Genetic Diversity Analysis
The Bayesian method implemented in the program STRUCTURE is a common method applied to detect population genetic structure 111–114. This program uses a Bayesian clustering approach to define clusters containing groups of individuals whose genotypes maximize Hardy-Weinberg and linkage equilibrium 111. A discriminant analysis of principal components (DAPC) 115 using the “adegenet” package for R 116,117 was conducted to identify clusters of genetically related individuals. The Bayesian Information Criterion (BIC) was used for selecting the optimal number of clusters (K) based on the elbow method 115. The find.clusters function was used to detect the number of clusters among the populations. It uses K-means clustering which decomposes the total variance of a variable into between-group and within-group components. The optimum number of sub-populations has the lowest associated BIC. A cross validation function Xval.dapc was used to confirm the correct number of principal components (PC) to be retained.

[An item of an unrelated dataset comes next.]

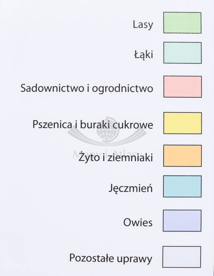 Szkolna mapa ścienna Polski w skali 1:550 000przedstawiająca rozmieszczenie dominujących upraw, hodowli i strukturę użytkowania ziemi, uzupełniona dodatkowo o interesujące dane statystyczne...
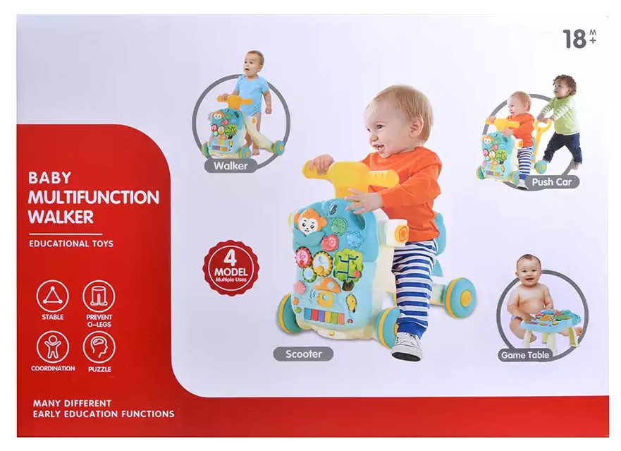 Nasz produkt to pchacz, jeździk, jeździk z asekuracją oraz stolik edukacyjny w jednym. Zabawa tą zabawką naprawdę szybko się nie znudzi :)

The genetic diversity analysis was based on 19,853 SNP markers obtained from the SNP calling procedure. Three types of diversity analysis were performed at individual genotype level. First, genetic structure of 251 alfalfa genotypes was assessed using a model-based Bayesian method implemented in the program STRUCTURE version 2.3.4 111. Sub-population numbers (K) ranging from 1 to 10 were evaluated, repeating each analysis 20 times. Modelling decisions included correlated allele frequencies and use of an admixture model. A burn-in of 30,000 iterations and 30,000 iterations of the Markov Chain Monte Carlo (MCMC) were used. The most likely number of sub-populations was inferred with the delta K method 118 implemented in the STRUCTURE HARVESTER program 119. The CLUMPP program 120 was used to generate a consensus ancestry estimate from the 20 independent runs for each K and ancestry bar plots were generated with the “pophelper” package for R 117,121.
Identification Of Unique Loci Associated With Long-term Grazing
The 19,853 SNPs, with minor allele frequency (MAF) below 5% removed, were used for genotype-environment association for 122 genotypes representing 12 alfalfa populations sampled from the long-term grazing sites. The SnpEff software 122 was used to annotate all SNPs based on the M. sativa reference genome database. The candidate genes were localized by retrieving the positions of significant SNP markers in the annotation database of M. sativa genome function 107.
Linkage Disequilibrium
Pairwise Pearson correlation (r2) between pairs of SNPs were performed to assess the linkage disequilibrium (LD) across all chromosomes. A total of 12,402 SNPs were used in the LD analysis. The LD decay over physical distance was determined as the mean distance under the LD threshold of r2 = 0.2. The r package “sommer” (version 4.2.0) was used to conduct LD analysis 123.